(TASK TO CARRY OUT)
Copy out exactly, from the entries that follow, the line holding "- Marzyło mi", the line holding "2019年7月13日,马克思", and all lines between them, but no pictures.

(RECORDED DATA)
=======

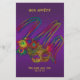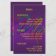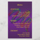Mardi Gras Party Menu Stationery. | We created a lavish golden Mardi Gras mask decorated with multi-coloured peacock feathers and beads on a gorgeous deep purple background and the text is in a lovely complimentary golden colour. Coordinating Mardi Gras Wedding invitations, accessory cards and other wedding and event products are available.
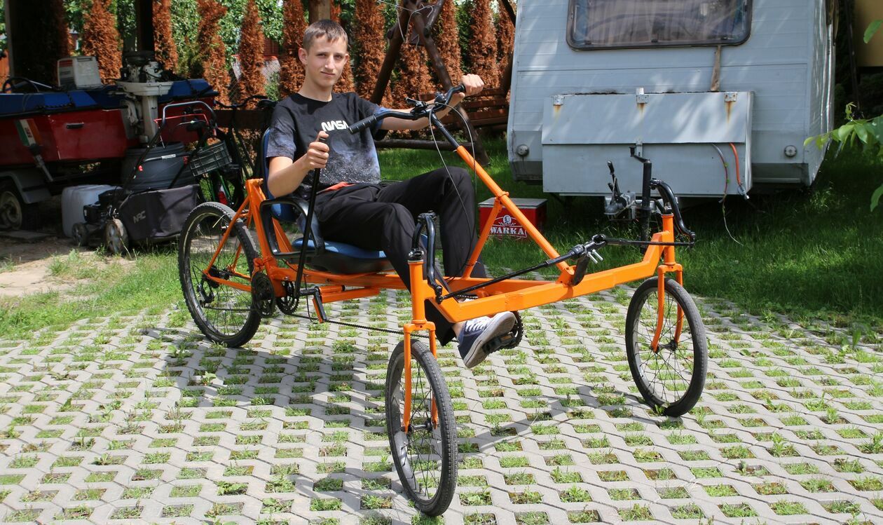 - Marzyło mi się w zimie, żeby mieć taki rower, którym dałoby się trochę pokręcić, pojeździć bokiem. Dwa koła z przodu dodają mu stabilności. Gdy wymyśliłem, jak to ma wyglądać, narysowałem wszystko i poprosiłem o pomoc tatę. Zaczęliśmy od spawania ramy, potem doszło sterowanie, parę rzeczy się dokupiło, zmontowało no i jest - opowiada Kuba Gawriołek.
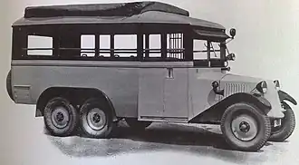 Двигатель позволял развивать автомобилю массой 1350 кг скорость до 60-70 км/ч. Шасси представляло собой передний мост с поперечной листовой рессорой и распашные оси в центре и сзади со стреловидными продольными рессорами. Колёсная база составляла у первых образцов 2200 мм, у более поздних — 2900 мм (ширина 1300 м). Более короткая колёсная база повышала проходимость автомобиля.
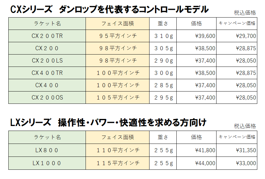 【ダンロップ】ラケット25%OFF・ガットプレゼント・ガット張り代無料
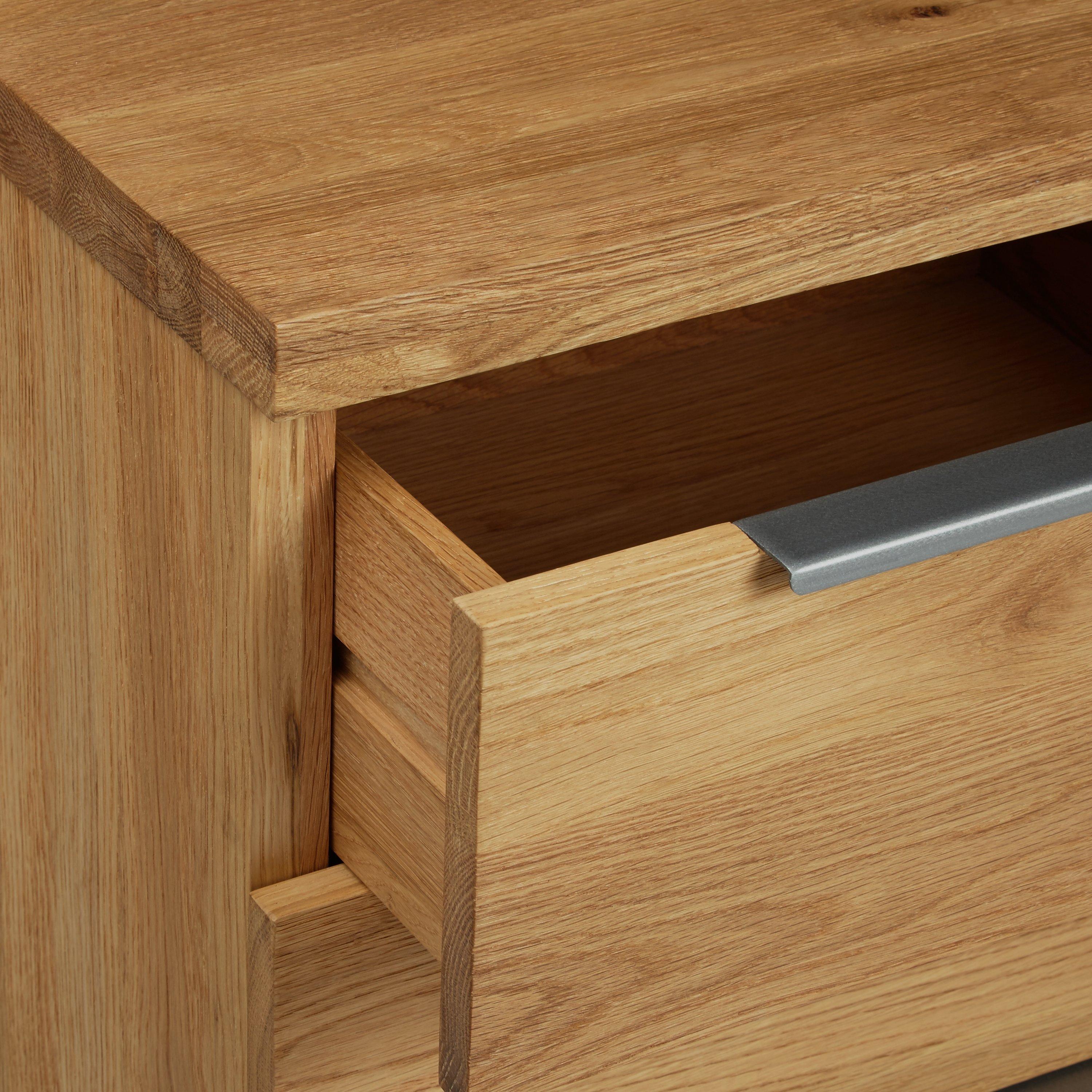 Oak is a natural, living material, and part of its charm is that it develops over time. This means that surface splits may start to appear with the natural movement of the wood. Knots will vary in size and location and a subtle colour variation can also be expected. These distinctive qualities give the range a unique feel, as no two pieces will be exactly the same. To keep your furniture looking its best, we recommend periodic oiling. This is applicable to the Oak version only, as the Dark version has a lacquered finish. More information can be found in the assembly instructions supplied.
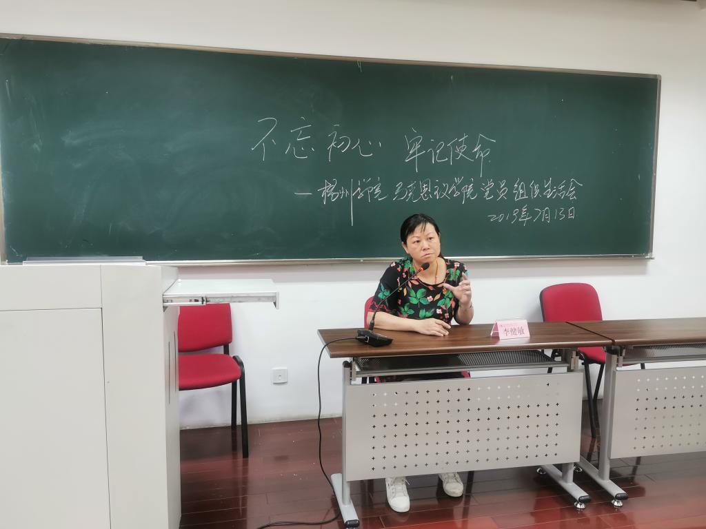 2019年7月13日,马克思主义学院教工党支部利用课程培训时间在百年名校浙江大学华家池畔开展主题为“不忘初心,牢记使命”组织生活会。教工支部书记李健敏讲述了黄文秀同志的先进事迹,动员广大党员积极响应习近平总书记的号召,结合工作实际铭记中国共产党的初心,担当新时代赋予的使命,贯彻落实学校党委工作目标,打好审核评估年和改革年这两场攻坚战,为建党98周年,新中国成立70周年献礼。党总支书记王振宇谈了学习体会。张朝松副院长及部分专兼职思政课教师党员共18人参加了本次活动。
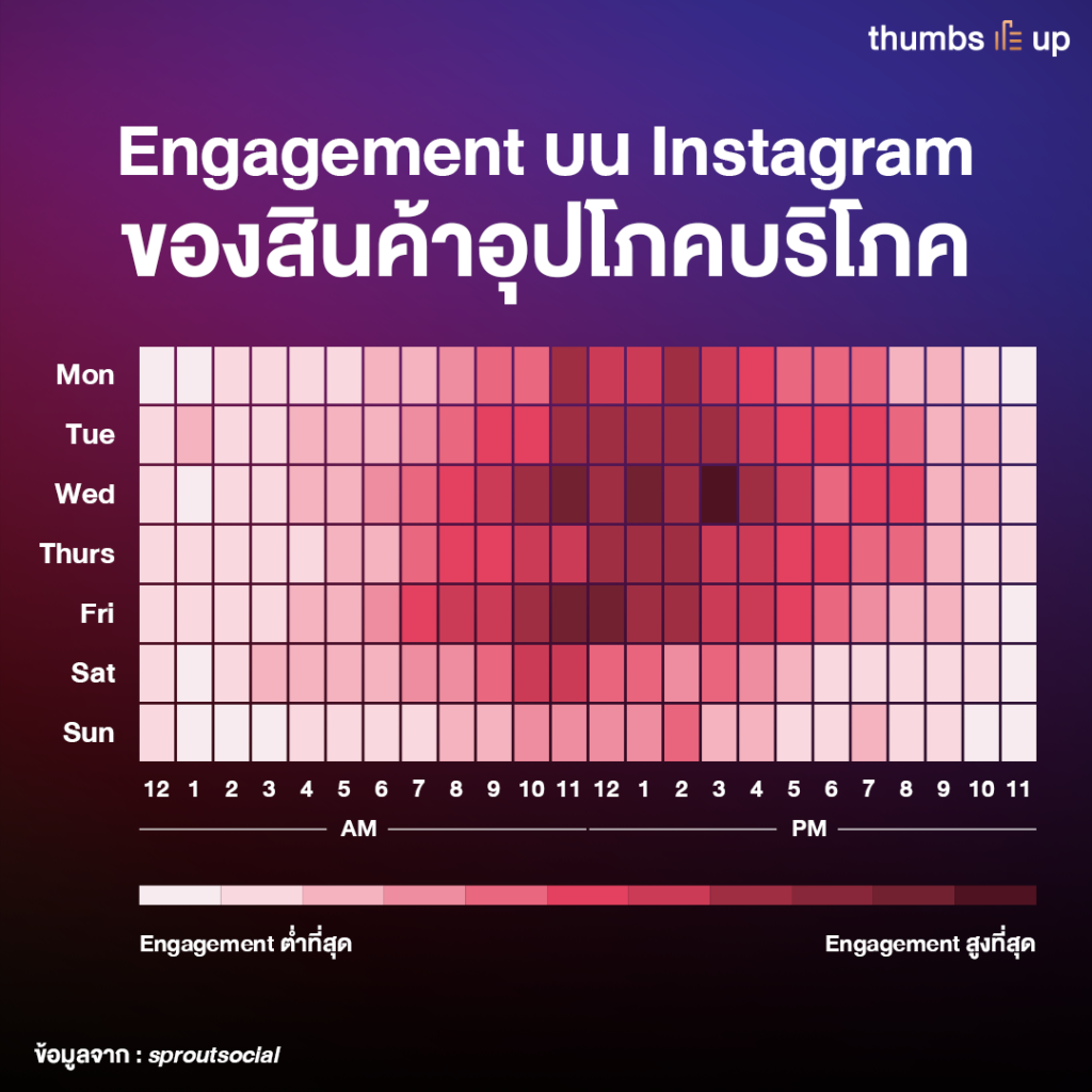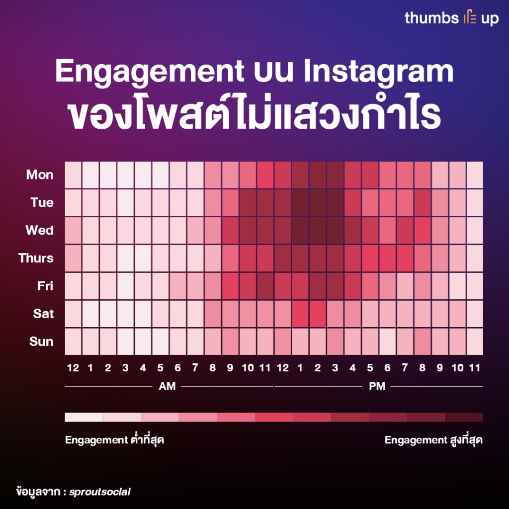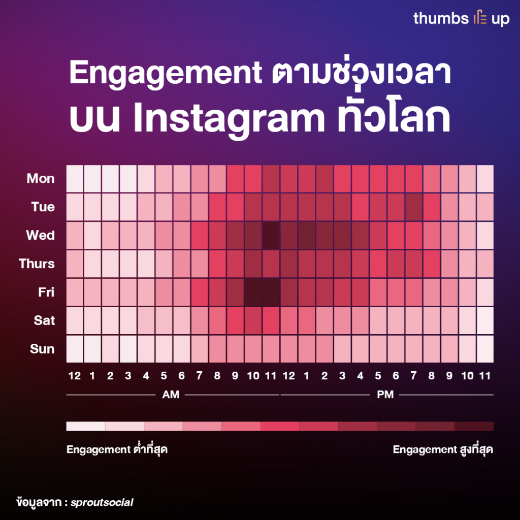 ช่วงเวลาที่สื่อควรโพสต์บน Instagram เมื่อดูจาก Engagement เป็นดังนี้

=======

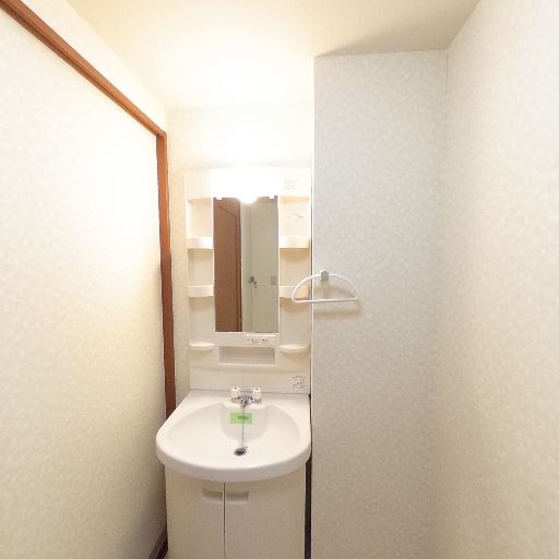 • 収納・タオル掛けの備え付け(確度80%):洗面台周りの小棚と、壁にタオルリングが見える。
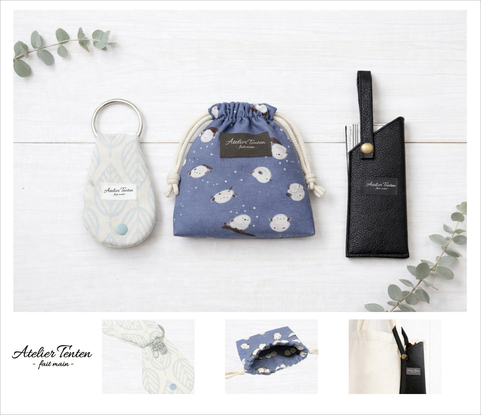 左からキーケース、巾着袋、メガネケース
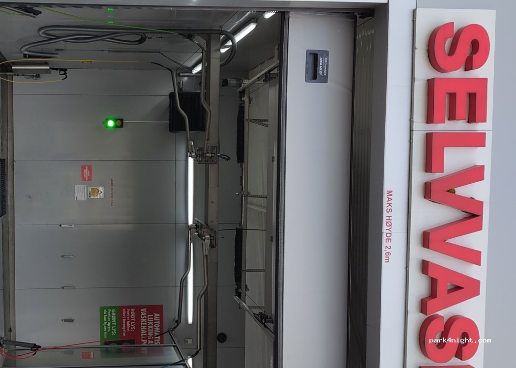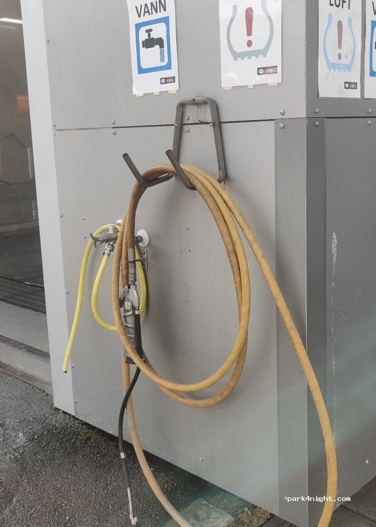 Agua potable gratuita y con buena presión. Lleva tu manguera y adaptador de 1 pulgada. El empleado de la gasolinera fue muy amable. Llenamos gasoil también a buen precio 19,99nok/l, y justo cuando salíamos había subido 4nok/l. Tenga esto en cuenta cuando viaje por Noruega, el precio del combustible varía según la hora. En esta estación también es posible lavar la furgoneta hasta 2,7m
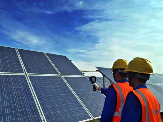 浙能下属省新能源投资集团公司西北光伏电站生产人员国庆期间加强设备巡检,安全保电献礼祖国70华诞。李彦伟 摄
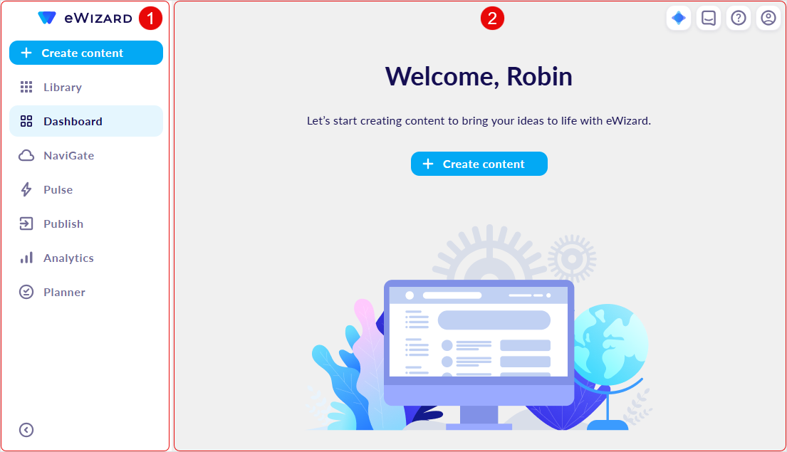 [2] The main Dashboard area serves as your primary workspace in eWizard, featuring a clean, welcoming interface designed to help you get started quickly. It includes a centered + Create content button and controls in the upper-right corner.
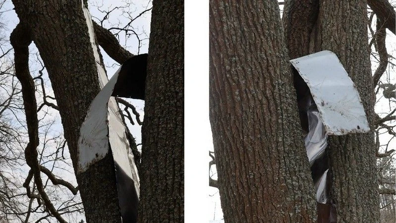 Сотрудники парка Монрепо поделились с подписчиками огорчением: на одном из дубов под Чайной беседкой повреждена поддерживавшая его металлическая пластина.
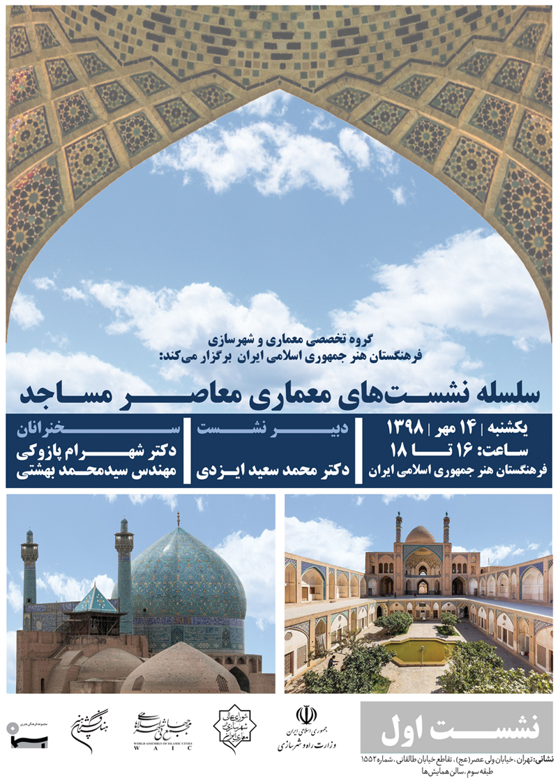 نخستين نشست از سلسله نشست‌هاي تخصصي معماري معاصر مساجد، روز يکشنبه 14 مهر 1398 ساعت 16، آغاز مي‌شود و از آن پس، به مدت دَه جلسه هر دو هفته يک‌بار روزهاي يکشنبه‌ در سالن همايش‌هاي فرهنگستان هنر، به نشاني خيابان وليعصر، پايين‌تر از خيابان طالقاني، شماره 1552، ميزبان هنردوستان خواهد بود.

=======

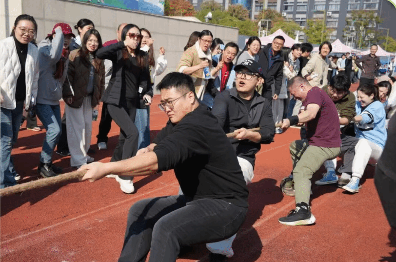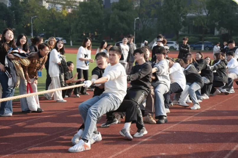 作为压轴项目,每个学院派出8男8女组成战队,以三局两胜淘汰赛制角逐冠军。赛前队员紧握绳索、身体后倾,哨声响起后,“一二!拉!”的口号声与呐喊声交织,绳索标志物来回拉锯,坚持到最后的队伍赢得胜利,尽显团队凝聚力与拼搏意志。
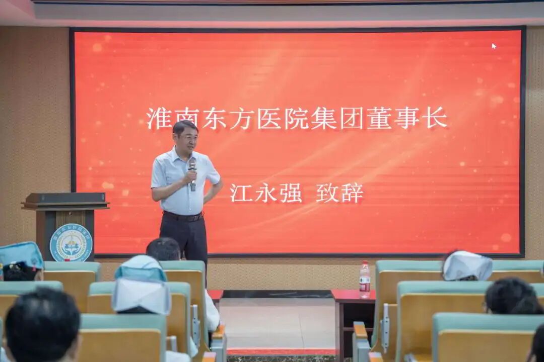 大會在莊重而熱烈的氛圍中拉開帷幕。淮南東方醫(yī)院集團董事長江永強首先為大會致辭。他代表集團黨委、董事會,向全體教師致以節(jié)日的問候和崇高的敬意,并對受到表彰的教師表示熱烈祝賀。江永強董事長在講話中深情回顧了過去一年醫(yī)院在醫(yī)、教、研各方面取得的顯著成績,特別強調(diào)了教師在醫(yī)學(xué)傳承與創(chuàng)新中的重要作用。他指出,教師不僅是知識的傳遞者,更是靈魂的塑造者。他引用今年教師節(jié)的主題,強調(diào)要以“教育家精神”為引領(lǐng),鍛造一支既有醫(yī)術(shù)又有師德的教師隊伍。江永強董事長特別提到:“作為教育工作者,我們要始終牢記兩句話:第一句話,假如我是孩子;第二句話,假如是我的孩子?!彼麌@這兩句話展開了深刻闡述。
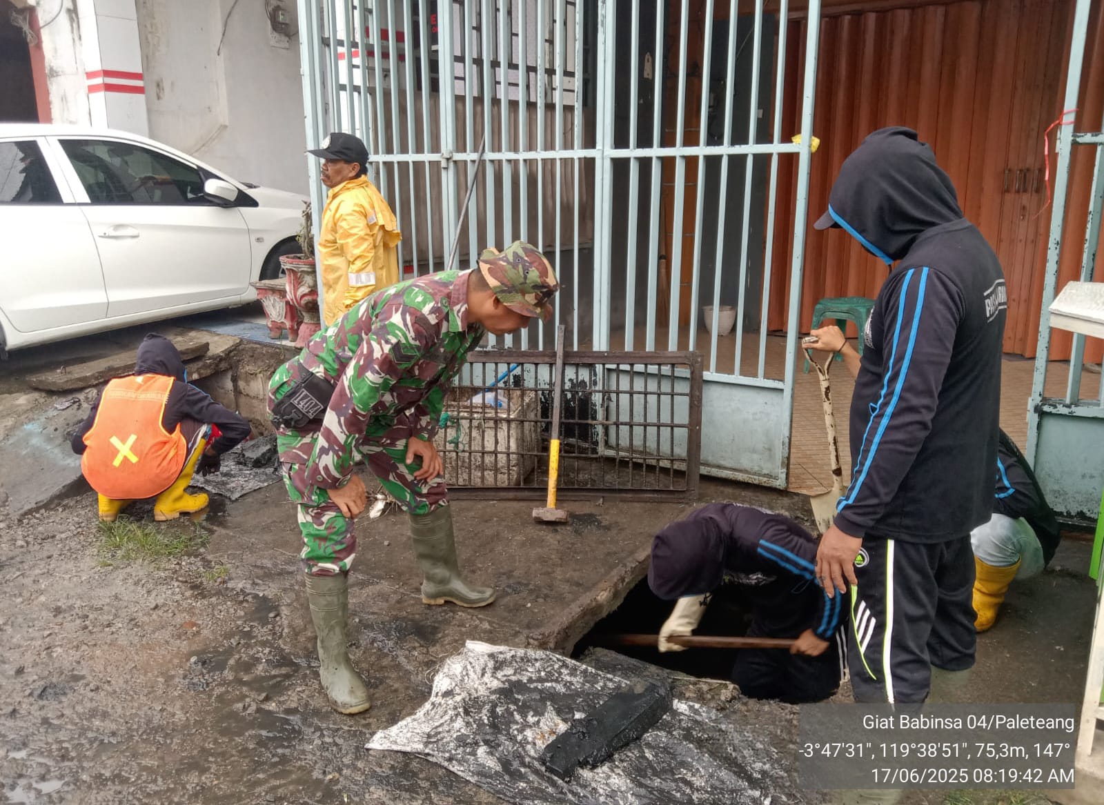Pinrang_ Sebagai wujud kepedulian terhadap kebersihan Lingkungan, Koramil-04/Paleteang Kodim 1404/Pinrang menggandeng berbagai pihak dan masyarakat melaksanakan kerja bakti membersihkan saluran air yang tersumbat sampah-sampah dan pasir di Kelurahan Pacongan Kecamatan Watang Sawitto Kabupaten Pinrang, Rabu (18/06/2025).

=======

(WRITTEN REPLY)
 - Marzyło mi się w zimie, żeby mieć taki rower, którym dałoby się trochę pokręcić, pojeździć bokiem. Dwa koła z przodu dodają mu stabilności. Gdy wymyśliłem, jak to ma wyglądać, narysowałem wszystko i poprosiłem o pomoc tatę. Zaczęliśmy od spawania ramy, potem doszło sterowanie, parę rzeczy się dokupiło, zmontowało no i jest - opowiada Kuba Gawriołek.
 Двигатель позволял развивать автомобилю массой 1350 кг скорость до 60-70 км/ч. Шасси представляло собой передний мост с поперечной листовой рессорой и распашные оси в центре и сзади со стреловидными продольными рессорами. Колёсная база составляла у первых образцов 2200 мм, у более поздних — 2900 мм (ширина 1300 м). Более короткая колёсная база повышала проходимость автомобиля.
 【ダンロップ】ラケット25%OFF・ガットプレゼント・ガット張り代無料
 Oak is a natural, living material, and part of its charm is that it develops over time. This means that surface splits may start to appear with the natural movement of the wood. Knots will vary in size and location and a subtle colour variation can also be expected. These distinctive qualities give the range a unique feel, as no two pieces will be exactly the same. To keep your furniture looking its best, we recommend periodic oiling. This is applicable to the Oak version only, as the Dark version has a lacquered finish. More information can be found in the assembly instructions supplied.
 2019年7月13日,马克思主义学院教工党支部利用课程培训时间在百年名校浙江大学华家池畔开展主题为“不忘初心,牢记使命”组织生活会。教工支部书记李健敏讲述了黄文秀同志的先进事迹,动员广大党员积极响应习近平总书记的号召,结合工作实际铭记中国共产党的初心,担当新时代赋予的使命,贯彻落实学校党委工作目标,打好审核评估年和改革年这两场攻坚战,为建党98周年,新中国成立70周年献礼。党总支书记王振宇谈了学习体会。张朝松副院长及部分专兼职思政课教师党员共18人参加了本次活动。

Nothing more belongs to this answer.